[ 
https://issues.apache.org/jira/browse/HBASE-7385?page=com.atlassian.jira.plugin.system.issuetabpanels:comment-tabpanel&focusedCommentId=13535633#comment-13535633
 ] 

ramkrishna.s.vasudevan commented on HBASE-7385:
-----------------------------------------------

Nice one. :)
                
> Do not abort regionserver if StoreFlusher.flushCache() fails
> ------------------------------------------------------------
>
>                 Key: HBASE-7385
>                 URL: https://issues.apache.org/jira/browse/HBASE-7385
>             Project: HBase
>          Issue Type: Improvement
>          Components: io, regionserver
>            Reporter: Enis Soztutar
>            Assignee: Enis Soztutar
>
> A rare NN failover may cause RS abort, in the following sequence of events: 
>  - RS tries to flush the memstore
>  - Create a file, start block, and acquire a lease
>  - Block is complete, lease removed, but before we send the RPC response back 
> to the client, NN is killed.
>  - New NN comes up, client retries the block complete again, the new NN 
> throws lease expired since the block was already complete.
>  - RS receives the exception, and aborts.
> This is actually a NN+DFSClient issue that, the dfs client from RS does not 
> receive the rpc response about the block close, and upon retry on the new NN, 
> it gets the exception, since the file was already closed.
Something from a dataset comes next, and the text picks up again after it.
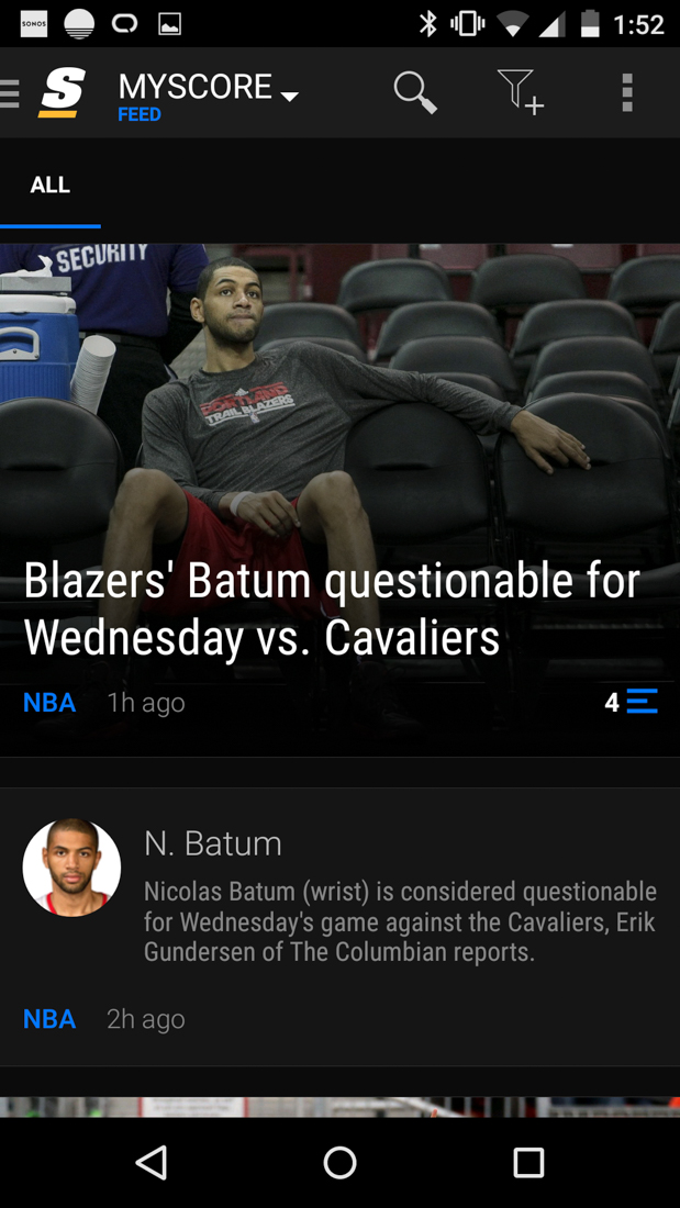 The only thing this app is missing is cloud profile support, so that if you change phones, you don’t have to fully setup all of your favorites, notifications, etc. I would hope that they are considering it, but either way, this is the sports app you need to be using.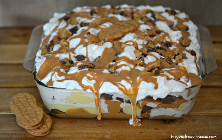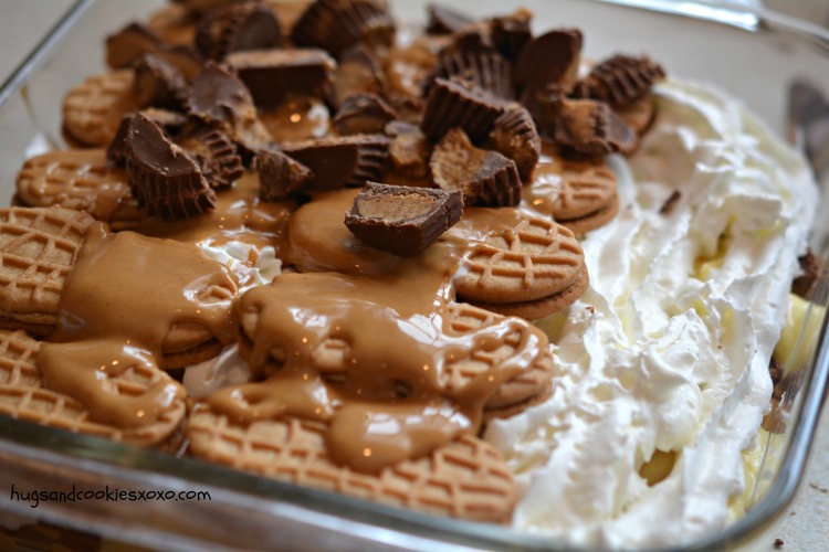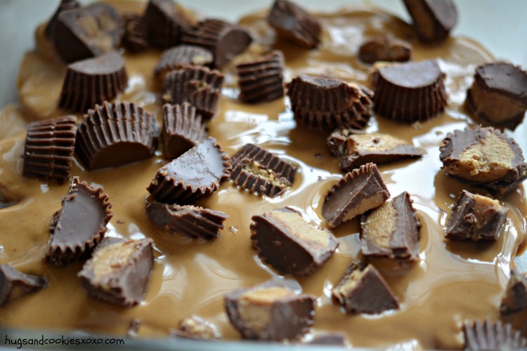 7. Διακοσμήστε την κορυφή με θρυμματισμένα μπισκότα ,κομματάκια από από σοκολατάκια και σταγόνες φυστικοβούτυρου.

However, although 
> this is DFS client specific, we can also make RS more resilient by not 
> aborting the RS upon exception from the flushCache(). We can change 
> StoreFlusher so that: 
> StoreFlusher.prepare() will become idempotent (so will Memstore.snapshot())
> StoreFlusher.flushCache() will throw with IOException upon DFS exception, but 
> we catch IOException, and just abort the flush request (not RS).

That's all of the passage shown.